With such a large amount of data doing this by hand could take me weeks, and I'm trying to avoid that.
Appeciate the help ahead of time.
The first thing you need to determine is how many unique attributes are in column B. Current versions of Excel have a limit of just over 16,000 columns.
I'll admit that your instructions about what you are trying to accomplish are kind of confusing to me. Based on what I read, you are trying to break out all the information in column B into their own unique columns based on what the value is that is returned? If that is the case, you may have to create a formula in each column. I am sure I am missig something key that you are trying to get across because my first thought was why you aren't putting that much data in a pivot table.
But from what I read, columns 'A', 'B', and 'C' are where your data exists and other columns are empty, so your VLOOKUP above won't work because the first argument is your lookup value, and you are pointing it toward an empty column. If you can take a few pieces of the data and take a screenshot of it in it's current format, and then take two or three rows, scrub them to show how you want it to look and take another screenshot, then post both pics, I could help you the right formulas or VLOOKUPS maybe. If the data came out of an EDW or something, post your SQL script and I can see if I can help there to maybe get your result without so much manual EXCEL work.
I fully admit though that it has been a long day so I am tired and what you typed may have made perfect sense. ;)
Try looking here http://office.microsoft.com/en-us/excel-help/how-to-look-up-a-value-in-a...

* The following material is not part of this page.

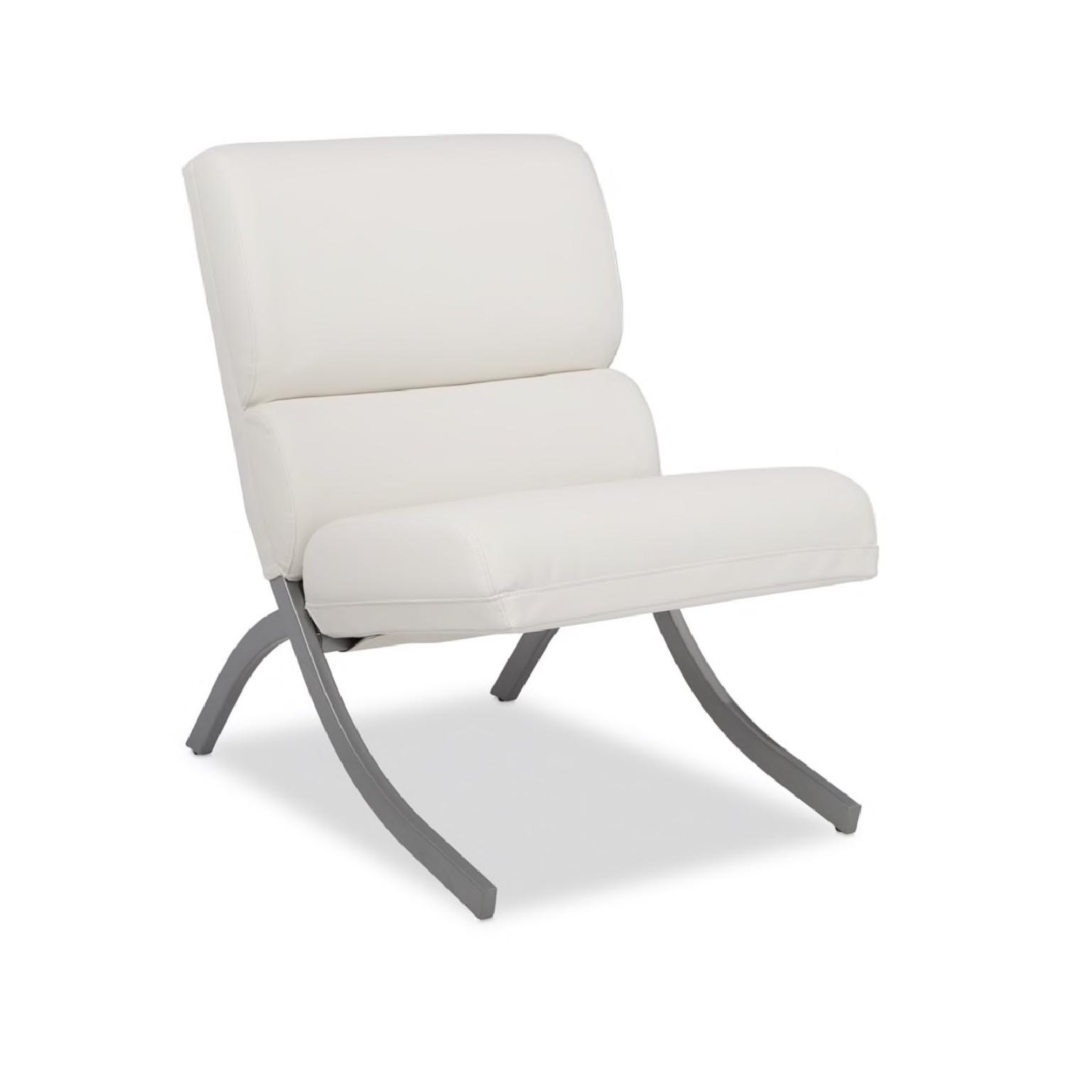 Seller's Notes:We’ve had this chair for several years but it’s in great shape. Description Sleek, sumptuous, and sturdy, this elegant chair brings an element of grace and luxury to your home. The crisp white bonded leather is supported by a durable metal base finished in brushed silver for a regal touch you can enjoy year after year. Features: White bonded leather upholstery Foam upholstery fill Brushed silver metal legs and frame Non-mar foot glides Dimensions: Seat: 23.5 inches wide x 18 inches deep x 19 inches high Chair: 34.5 inches high x 23.5 inches wide x 34.5 inches deep

Uhg, using a spreadsheet as a database... using the right tool would help...
I could do it in an excel macro, but the programmer in me always goes for macros over excel functions. If you can't get vlookup to work I might be able to make a macro for you.
A pivot table, as suggested by Fade, would likely be the easiest way to format the data you want though I'm not sure if the table can be exported into a .csv file in the manner it seems you're looking for.
Don't use the vlookup() for matching two criteria. You should be able to do the same thing with nested index(match()) formula.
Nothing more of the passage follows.